And the reason they chose Monday is because Monday is typically the beginning of the study week. Monday is planning and anticipation day. It is the day when students settle back into their weekly routine. Unhealthy habits that prevailed over the week-end can be forgotten and replaced by positive choices.
In the Philippines, Tarlac State University became the first Meatless Monday-advocating university and together with Sophia School (in Meycauayan, Bulacan) have been implementing Meatless Mondays for the past several months. The results have been encouraging with students and families benefiting from the program. Now more schools are poised to spread the movement all across the country. The Luntiang Lunes group is hoping that each of the 25 million students of all Philippines schools will practice and be benefitted just the same.
I think this is the best move our Philippine educational system has ever done, as far as healthy dietary habits are concerned. I believe that it really would help a lot when the campaign is integrated in the schools themselves.
10. What would you say to those who couldn’t give up their lechon and crispy pata?
Let me quote to you the ‘conclusion’ part of my cookbooks because this will precisely answer this question:
In my long years of teaching people how to cook delicious vegetarian food, there is one thing that I always encourage them to do. I always tell them, “If you can have the chance please take up the process of meditation. It will be very helpful to you. I practice it myself and I teach it free to anyone interested”.

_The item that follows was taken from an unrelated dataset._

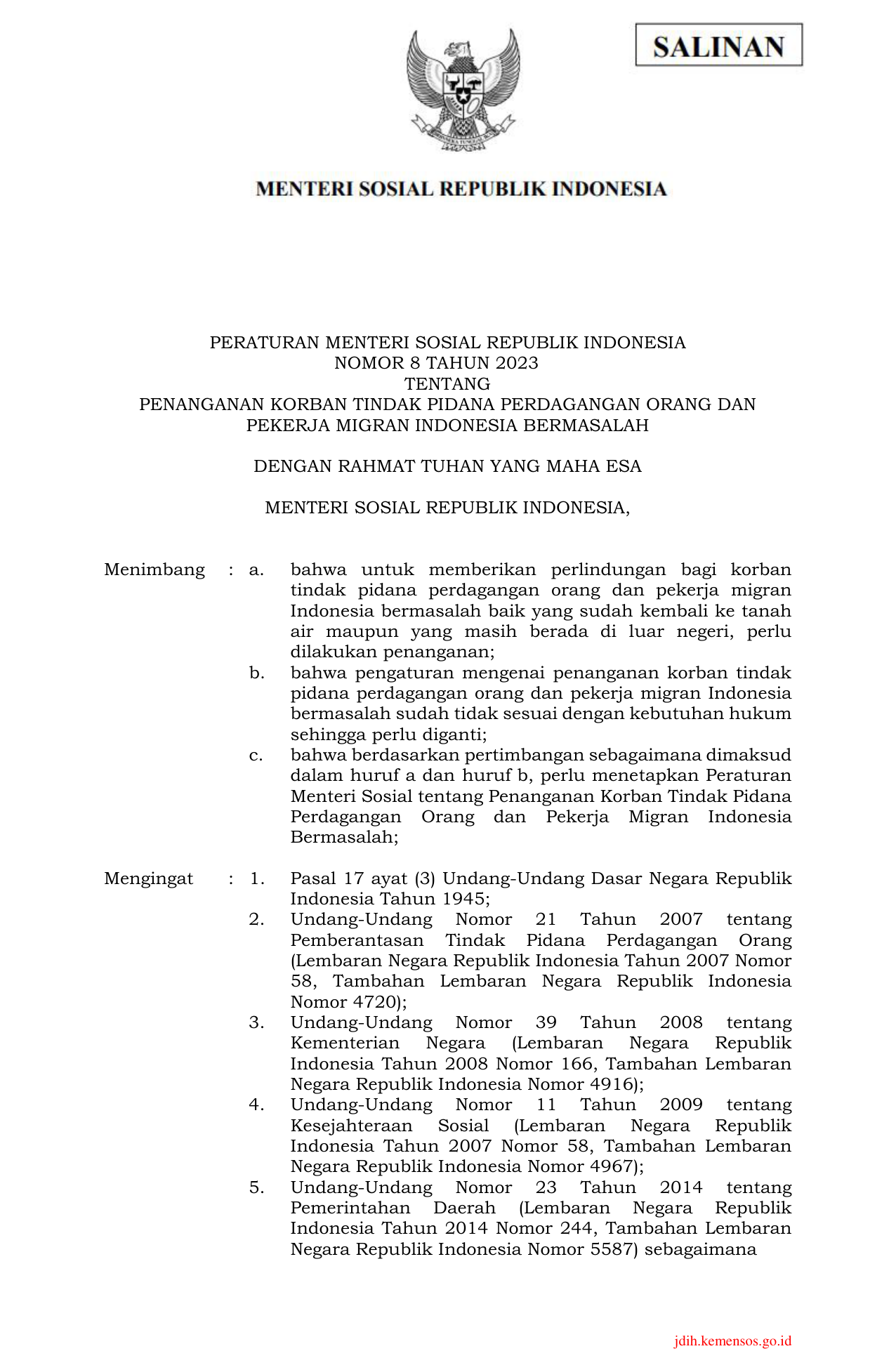 PERMEN Nomor 8 Tahun 2023 | Peraturan Menteri Nomor 8 Tahun 2023 tentang PENANGANAN KORBAN TINDAK PIDANA PERDAGANGAN ORANG DAN PEKERJA MIGRAN INDONESIA BERMASALAH

Meditation is a very simple and enjoyable relaxation method for achieving inner happiness and self realization.
Meditation is an ancient process that has been practiced for thousands of years by sages and meditation teachers. It goes hand in hand with the vegetarian diet.
The first effect of meditation is it makes you relaxed. Another effect is you begin to experience a higher happiness within, so you can gradually be able to lessen and eventually give up eating meat, fish and eggs. It becomes very easy to achieve. Automatically, you would want to learn how to cook and eat vegetable food instead.

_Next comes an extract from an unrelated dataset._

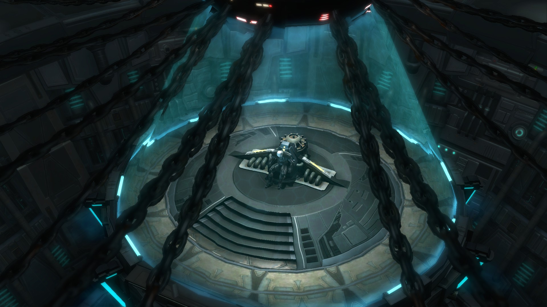 Vindican easily deflected the rocket, but was enraged to see Darach order Shan to escape aboard the freighter. Angered that his opponent was escaping, Malgus engaged Darach alongside his master while the Zabrak Battlemaster defended himself with both his and Shan's weapons. Despite the Sith's advantage of numbers, Darach easily beat back their attacks and scored a hit on Vindican's face before stabbing the Sith Master through his chest. Despite the fall of Malgus' master, the younger Sith summoned his master's double-bladed lightsaber to his hand and charged Darach, batting aside the chunks of machinery and metal that the Jedi threw at him. Knocking Shan's saberstaff from Darach's grasp and battering down the Zabrak's defenses, Malgus brought the duel to a close when he cut down the Jedi Master.[10]

In other words, the desire to eat meat will begin to drop off. The desire to eat meat is very strong but you will gradually loose the taste for meat. You have to experience a higher happiness in order to break away from the habit of meat eating. The desire will still be there but not so strong anymore that it cannot be overcome.

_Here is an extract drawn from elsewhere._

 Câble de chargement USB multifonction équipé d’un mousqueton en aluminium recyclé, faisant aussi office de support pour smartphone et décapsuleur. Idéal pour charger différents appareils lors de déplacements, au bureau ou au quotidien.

Through meditation, you can come to a point where you will have inner strength to actually feel and say, “I don’t really need meat, fish, and eggs for proper nutrition. I can give them up. I will give them up.”
The process of meditation begins by hearing - - simply listening to meditation songs or relaxation songs, sometimes called yoga sound. Anyone can practice meditation individually in the privacy of their own homes or together with other people.
Through meditation, your mind and heart becomes gradually cleansed or purified. And then intuitively from within yourself, you will know that meat food is not good for your health and your consciousness. Meditation helps you come to this state.
Through meditation, you can also overcome stress and even deeper problems such as anxiety or emptiness. You can actually begin to experience inner happiness and peace. But most of all, you will begin to understand who you really are.
According to the ancient scriptures and great teachers of meditation, the most important reason for practicing meditation is self-realization. Nothing is more important than knowing who you are and what the purpose of life is.